Electrophoresis is a method used to separate fragments of DNA or RNA based on their size (length*) using an electric current. It has applications in processes such as genetic fingerprinting and disease diagnosis. DNA and RNA are negatively charged which means they will move towards a positive electrode. This technique can be used for proteins, but as the charge is variable in proteins they are first mixed with a chemical to give them all the same negative charge. In this article, we will focus on DNA electrophoresis.
*Note to A-level biology students: be careful to find out whether your specification like you to talk about size or length in relation to this topic.
Preparing electrophoresis equipment
Electrophoresis equipment consists of a gel tank and a gel tray. The gel tank is filled with a buffer solution and is connected to a power supply. The gel tray is used to prepare an agarose gel as follows:
- An agarose solution is prepared.
- The solution is poured into the gel tray and left to solidify* into a gel.
- The tray is placed into the tank and covered with buffer solution. The wells must be at the negative electrode end of the tank as the DNA will move towards the positive electrode.
*While the gel is solidifying, a comb is left in to ensure that the gel contains wells along one end. Why not watch this short video to see the process in action.
Loading DNA into the agarose gel
This is a fiddly process which requires a lot of practise. Firstly, the solution containing the DNA fragments must be mixed with loading dye. This is to help the DNA sink to the bottom of the wells. Then a pipette is used to transfer about 10μl of the mixture into a well (very carefully to avoid making a hole in the gel or missing the well altogether). This is then repeated for all the samples, but must be done quite quickly so that the first sample hasn’t diffused away by the time you finish!
Running the electrophoresis
Once all the samples are loaded, the electric current can be switched on. DNA is negatively charged so will move towards the positive electrode. Shorter fragments will travel more quickly and therefore move further through the gel over the the time. Once the loading dye has nearly reached the end of the gel, the electric current is switched off and the gel is removed from the tank. However, the DNA fragments are colourless and cannot be seen yet.
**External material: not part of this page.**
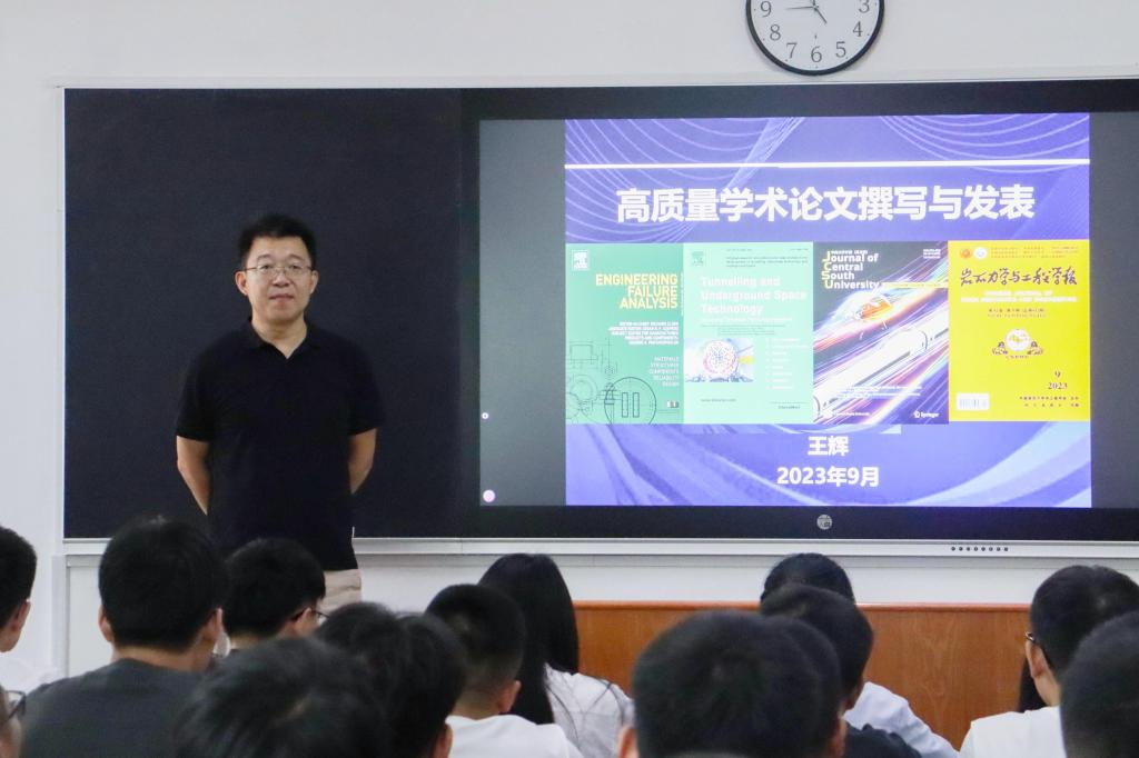 9月6日,pg游戏电子模拟器副院长王辉在东校园5#301为2023级全体研究生作“高质量学术论文撰写与发表”学术讲座。

Visualising the DNA fragments
Various different staining options are available for electrophoresis gels, but most require the gel to be viewed under UV light. For example, a fluorescent tag can be added to the fragments before loading into the wells, or a chemical called ethidium bromide can be used.
Sometimes it is helpful to run a DNA ladder in one of the lanes – this is a solution containing DNA fragments of known sizes which can be used to help estimate the size of your fragments.
- An agarose gel is prepared and loaded into a gel tank connected to a power supply.
- DNA fragments are mixed with loading dye and pipetted into the wells.
- The electric current is switched on. Smaller DNA fragments will travel further through the gel because they move more quickly.
- The DNA must be stained and viewed under UV light.